Without missing a beat, accepting Lindsay’s comment as if it had come from someone of long standing, rather than someone so new, Danny threw a grin at the other blonde and countered, “No, shot through the badge.”

“That's because you can't find his heart,” Aiden’s voice piped up from behind Danny.

In a suddenly quiet, emotionless manner once more, Mac responded, “That's because I don't have one; I'm a supervisor. Now shut up and let's process this kid.” It effectively ended the banter, bringing the group back to the normal, real world they slogged through every day. No one seemed to mind. “What have we got, Sheldon?”

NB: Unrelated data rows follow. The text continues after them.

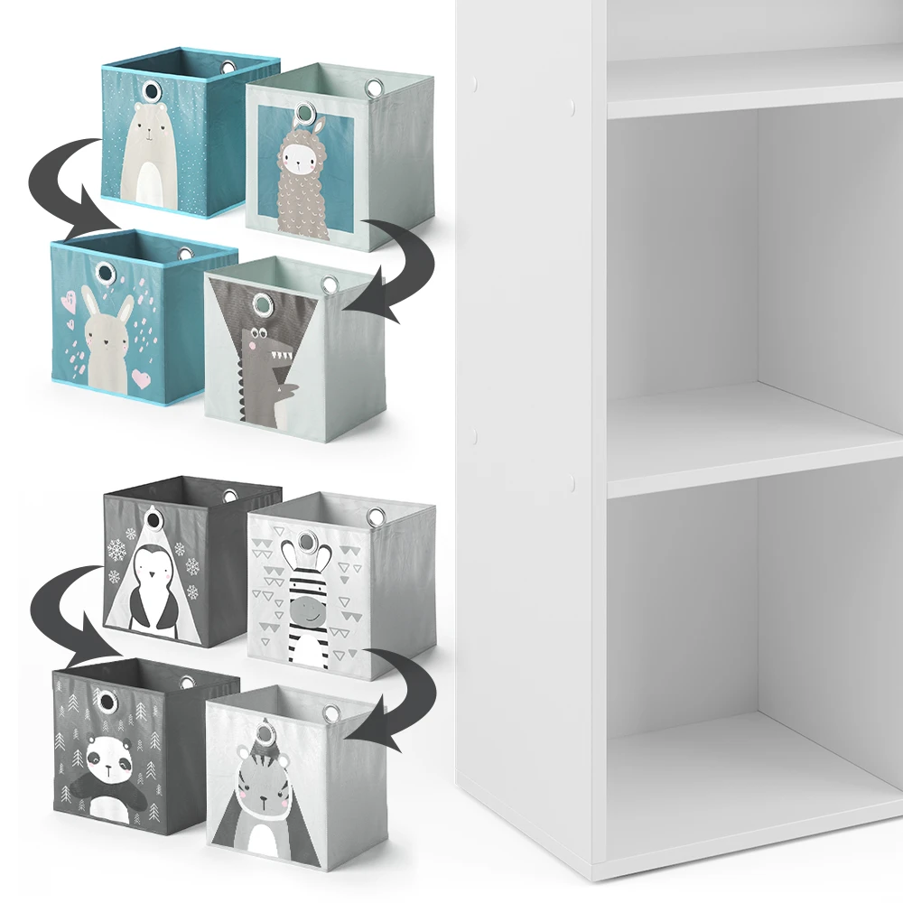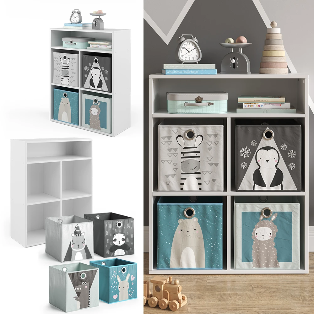 - Das breite Spielzeugregal bietet Platz für 4 kubische Boxen mit einer Größe von 30×30 cm – perfekt für die Aufbewahrung von Spielzeug.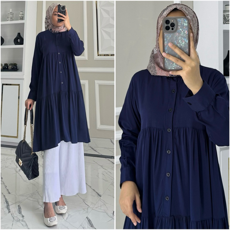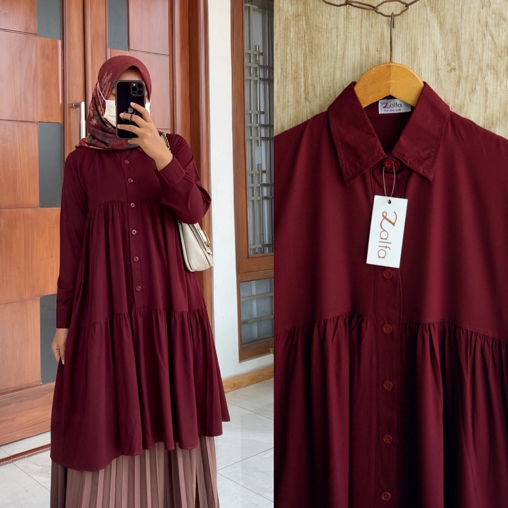 Haruka Tunik By Zalfa Outfit / Baju Atasan Wanita Muslim Tunik Kerja Kuliah Basic Polos Rayon Twill Premium Lengan Panja
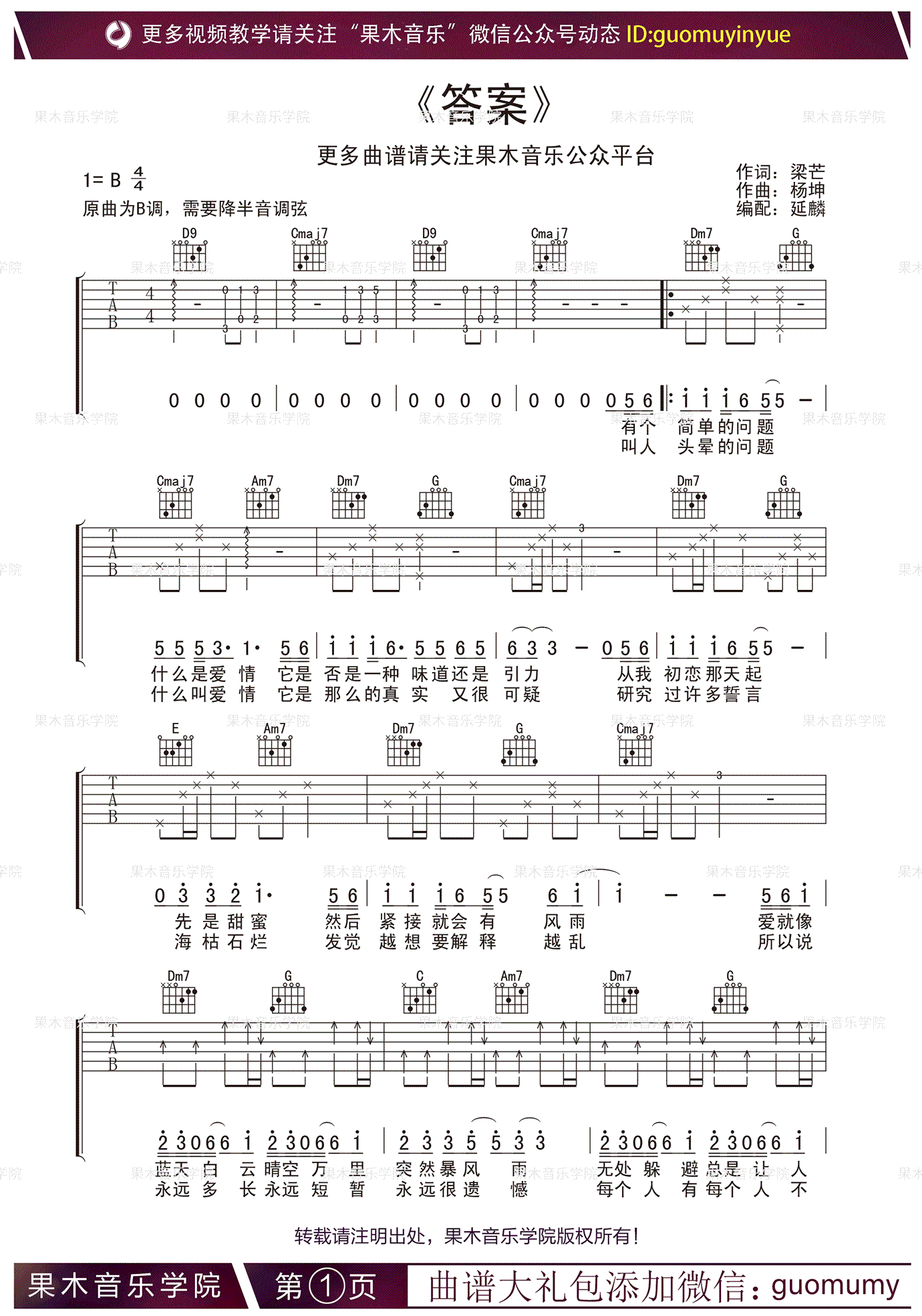 《答案》吉他谱呈现了杨坤和郭采洁的深情对唱,曾荣获东方风云榜最佳对唱奖。由果木音乐提供的弹唱谱以B调为原调,需要调弦至降半音。三张高清谱图生动展示了编配的精妙之处。感谢果木音乐的悉心编排,看谱啦每日更新,为吉他爱好者提供精彩分享。《答案》的音乐旋律如甜蜜的糖果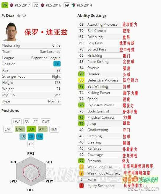 《实况足球2017(PES2017)》的妖人是很多玩家喜欢的,今天就为大家带来了实况足球2017阿根廷联赛75以上评分妖人大全与推荐,让大家看看阿根廷有什么强力的妖人,想了解的玩家不要错过,一起来看吧。

For his part, the doctor sat back on his heels and quickly fumbled for his phone, speed-dialing with one hand. “He’s alive… barely,” he said before putting his mouth to the phone and requesting emergency assistance.

“Alive!” Shock coursed through the group, and Danny felt like kicking himself since he’d been the one to initially call the kid in as a body, not a victim.

Nodding, Sheldon gestured to the boy’s hands. “His fingernails respond. I couldn’t detect breathing or a pulse, but I did pinch his nail beds and the color changes indicate blood flow. He’s still alive.”

Sirens filled the air covering the sudden clicking of Lindsay’s camera as she started shooting off pictures of the boy and the alley.

Mac frowned, quickly looking over the scene. “We’ve found the knight; now let’s figure out where the dragon went.”